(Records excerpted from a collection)
━━━━━━━━━━

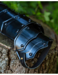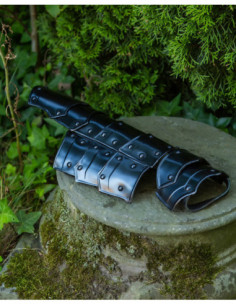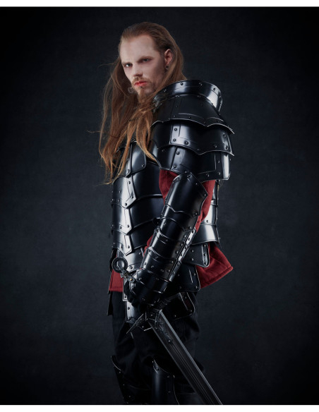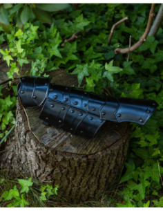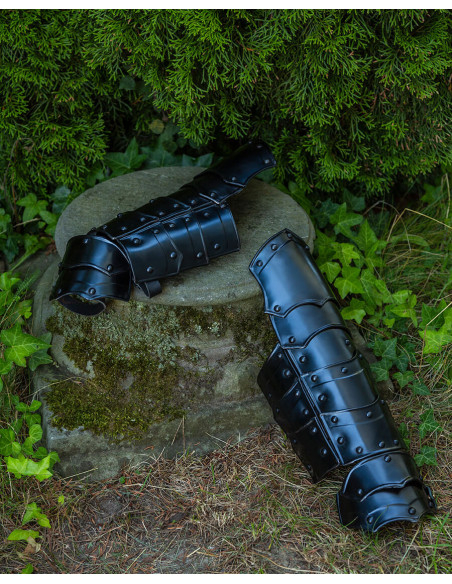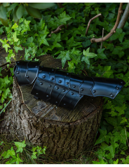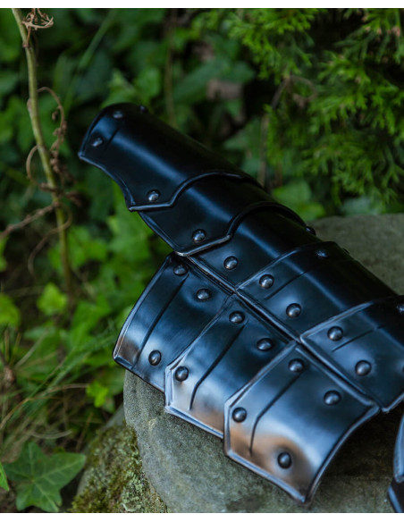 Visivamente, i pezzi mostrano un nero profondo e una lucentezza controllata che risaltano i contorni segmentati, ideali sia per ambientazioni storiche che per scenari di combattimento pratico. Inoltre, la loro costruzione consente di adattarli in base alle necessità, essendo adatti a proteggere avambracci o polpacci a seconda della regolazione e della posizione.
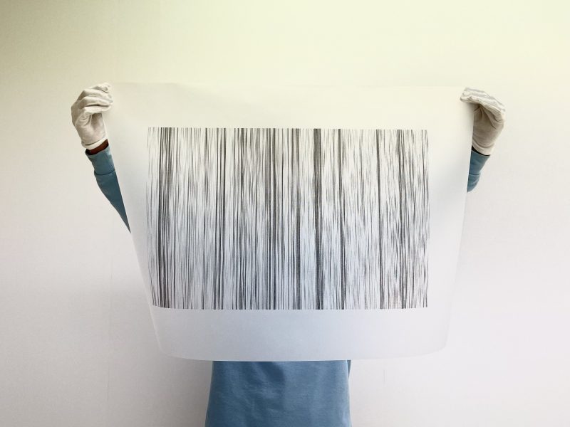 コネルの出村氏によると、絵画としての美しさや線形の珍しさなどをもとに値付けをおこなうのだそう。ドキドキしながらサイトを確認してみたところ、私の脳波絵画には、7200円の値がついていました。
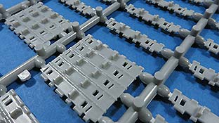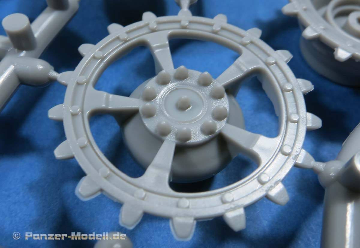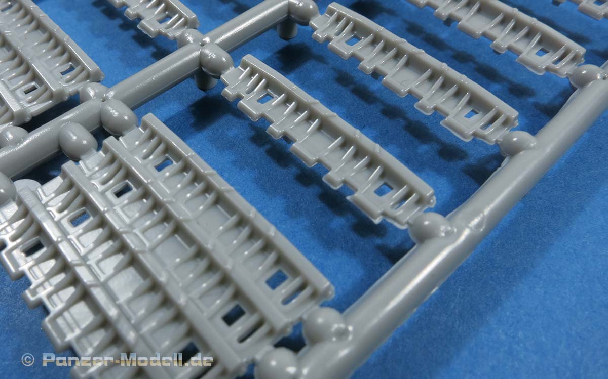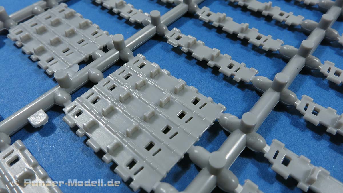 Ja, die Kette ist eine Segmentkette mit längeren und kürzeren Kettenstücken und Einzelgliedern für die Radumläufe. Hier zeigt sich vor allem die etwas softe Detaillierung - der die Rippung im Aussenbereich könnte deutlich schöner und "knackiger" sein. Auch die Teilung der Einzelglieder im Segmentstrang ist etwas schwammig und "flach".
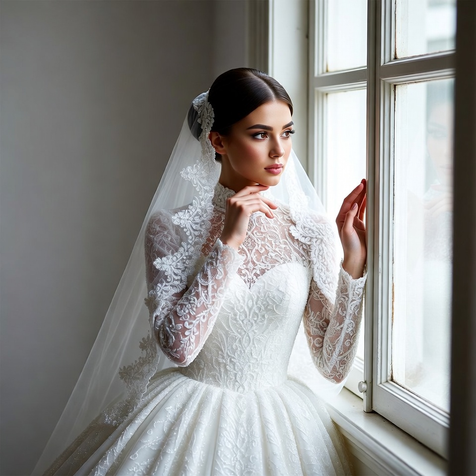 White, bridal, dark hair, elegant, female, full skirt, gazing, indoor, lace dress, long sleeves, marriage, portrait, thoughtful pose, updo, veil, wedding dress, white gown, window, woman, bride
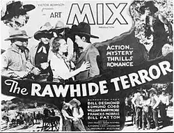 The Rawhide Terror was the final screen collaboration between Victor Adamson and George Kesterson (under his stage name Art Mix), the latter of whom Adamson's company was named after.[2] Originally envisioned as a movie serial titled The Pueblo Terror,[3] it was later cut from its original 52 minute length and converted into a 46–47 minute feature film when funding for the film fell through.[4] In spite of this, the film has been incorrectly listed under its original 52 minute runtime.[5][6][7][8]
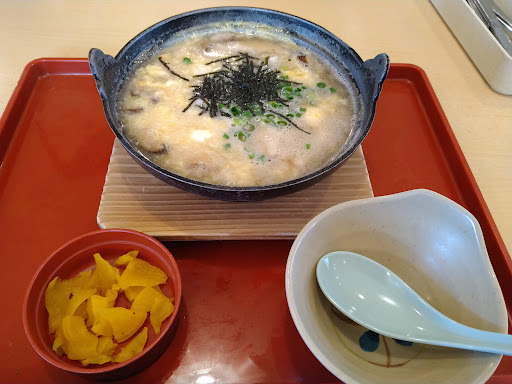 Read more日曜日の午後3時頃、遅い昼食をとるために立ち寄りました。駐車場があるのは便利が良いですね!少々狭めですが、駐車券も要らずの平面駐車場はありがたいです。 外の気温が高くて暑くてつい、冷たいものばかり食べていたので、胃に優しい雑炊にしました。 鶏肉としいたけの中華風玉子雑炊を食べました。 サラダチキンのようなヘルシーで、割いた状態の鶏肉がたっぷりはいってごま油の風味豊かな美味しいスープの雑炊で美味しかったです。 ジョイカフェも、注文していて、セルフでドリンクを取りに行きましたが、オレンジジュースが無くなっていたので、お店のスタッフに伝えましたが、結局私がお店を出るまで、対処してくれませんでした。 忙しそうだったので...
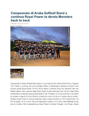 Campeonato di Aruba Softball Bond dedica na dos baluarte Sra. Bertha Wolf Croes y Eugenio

━━━━━━━━━━

§ WHAT YOU NEED TO DO:
Retype the records verbatim, excluding each image they hold.

§ PROBLEM SOLUTION:
 Visivamente, i pezzi mostrano un nero profondo e una lucentezza controllata che risaltano i contorni segmentati, ideali sia per ambientazioni storiche che per scenari di combattimento pratico. Inoltre, la loro costruzione consente di adattarli in base alle necessità, essendo adatti a proteggere avambracci o polpacci a seconda della regolazione e della posizione.
 コネルの出村氏によると、絵画としての美しさや線形の珍しさなどをもとに値付けをおこなうのだそう。ドキドキしながらサイトを確認してみたところ、私の脳波絵画には、7200円の値がついていました。
 Ja, die Kette ist eine Segmentkette mit längeren und kürzeren Kettenstücken und Einzelgliedern für die Radumläufe. Hier zeigt sich vor allem die etwas softe Detaillierung - der die Rippung im Aussenbereich könnte deutlich schöner und "knackiger" sein. Auch die Teilung der Einzelglieder im Segmentstrang ist etwas schwammig und "flach".
 White, bridal, dark hair, elegant, female, full skirt, gazing, indoor, lace dress, long sleeves, marriage, portrait, thoughtful pose, updo, veil, wedding dress, white gown, window, woman, bride
 The Rawhide Terror was the final screen collaboration between Victor Adamson and George Kesterson (under his stage name Art Mix), the latter of whom Adamson's company was named after.[2] Originally envisioned as a movie serial titled The Pueblo Terror,[3] it was later cut from its original 52 minute length and converted into a 46–47 minute feature film when funding for the film fell through.[4] In spite of this, the film has been incorrectly listed under its original 52 minute runtime.[5][6][7][8]
 Read more日曜日の午後3時頃、遅い昼食をとるために立ち寄りました。駐車場があるのは便利が良いですね!少々狭めですが、駐車券も要らずの平面駐車場はありがたいです。 外の気温が高くて暑くてつい、冷たいものばかり食べていたので、胃に優しい雑炊にしました。 鶏肉としいたけの中華風玉子雑炊を食べました。 サラダチキンのようなヘルシーで、割いた状態の鶏肉がたっぷりはいってごま油の風味豊かな美味しいスープの雑炊で美味しかったです。 ジョイカフェも、注文していて、セルフでドリンクを取りに行きましたが、オレンジジュースが無くなっていたので、お店のスタッフに伝えましたが、結局私がお店を出るまで、対処してくれませんでした。 忙しそうだったので...
 Campeonato di Aruba Softball Bond dedica na dos baluarte Sra. Bertha Wolf Croes y Eugenio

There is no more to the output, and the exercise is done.